### REQUIREMENT
When you reach the line containing "田邉 三樹夫さんの総格は47画の5点!" in the data below, begin returning lines exactly as written, and stop once the line containing "Por lo tanto, con" has been returned.

### EXERCISE DATA
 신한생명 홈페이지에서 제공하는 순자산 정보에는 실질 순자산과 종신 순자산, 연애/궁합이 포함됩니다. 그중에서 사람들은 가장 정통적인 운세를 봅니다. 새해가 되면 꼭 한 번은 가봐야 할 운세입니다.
--
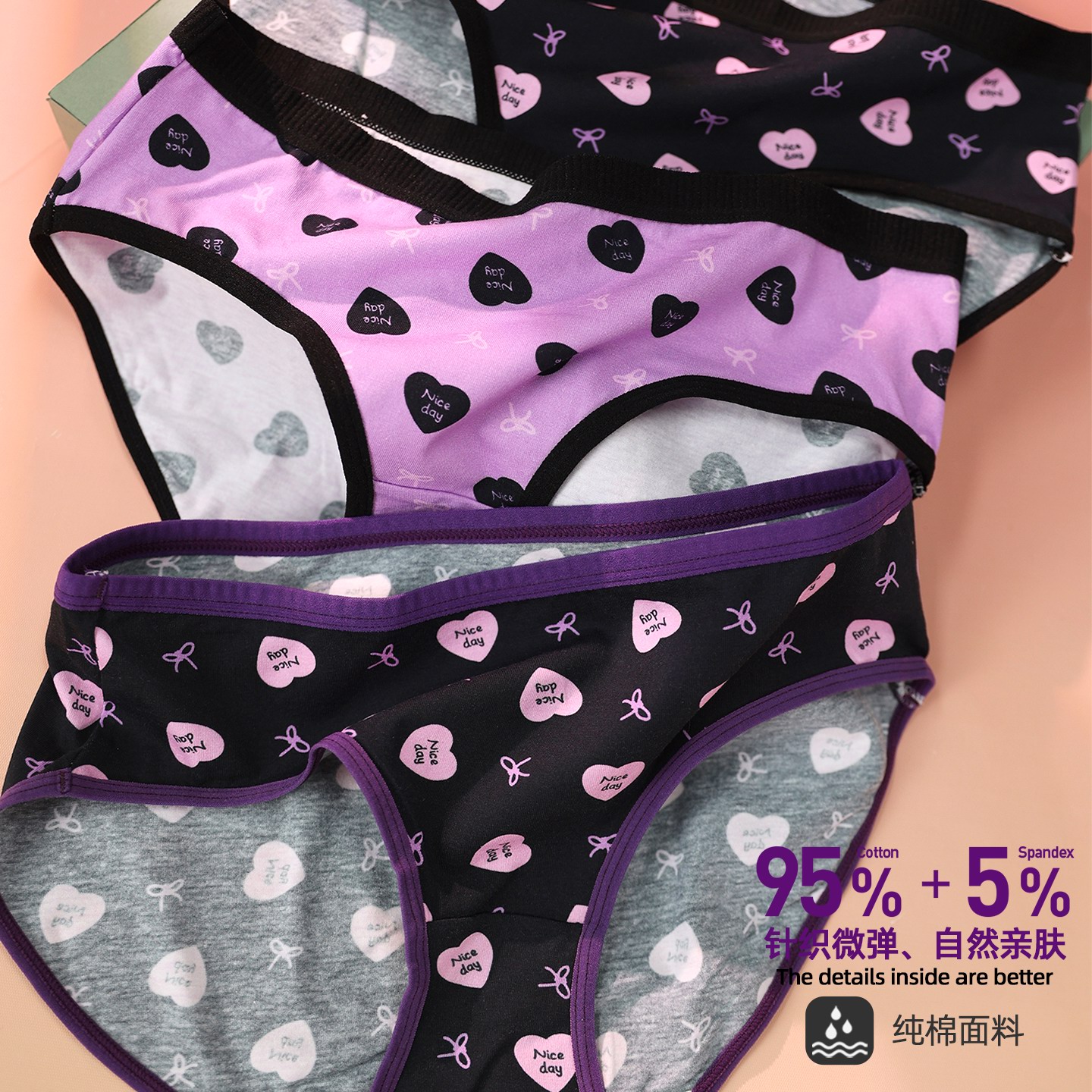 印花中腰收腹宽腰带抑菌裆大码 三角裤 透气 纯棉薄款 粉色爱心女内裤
--
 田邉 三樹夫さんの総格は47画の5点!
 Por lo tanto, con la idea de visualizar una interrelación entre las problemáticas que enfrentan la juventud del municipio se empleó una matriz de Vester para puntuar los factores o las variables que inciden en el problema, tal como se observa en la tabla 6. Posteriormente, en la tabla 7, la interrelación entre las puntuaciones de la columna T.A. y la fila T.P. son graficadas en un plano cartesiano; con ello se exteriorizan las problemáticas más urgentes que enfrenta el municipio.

### TASK RESULT
 田邉 三樹夫さんの総格は47画の5点!
 Por lo tanto, con la idea de visualizar una interrelación entre las problemáticas que enfrentan la juventud del municipio se empleó una matriz de Vester para puntuar los factores o las variables que inciden en el problema, tal como se observa en la tabla 6. Posteriormente, en la tabla 7, la interrelación entre las puntuaciones de la columna T.A. y la fila T.P. son graficadas en un plano cartesiano; con ello se exteriorizan las problemáticas más urgentes que enfrenta el municipio.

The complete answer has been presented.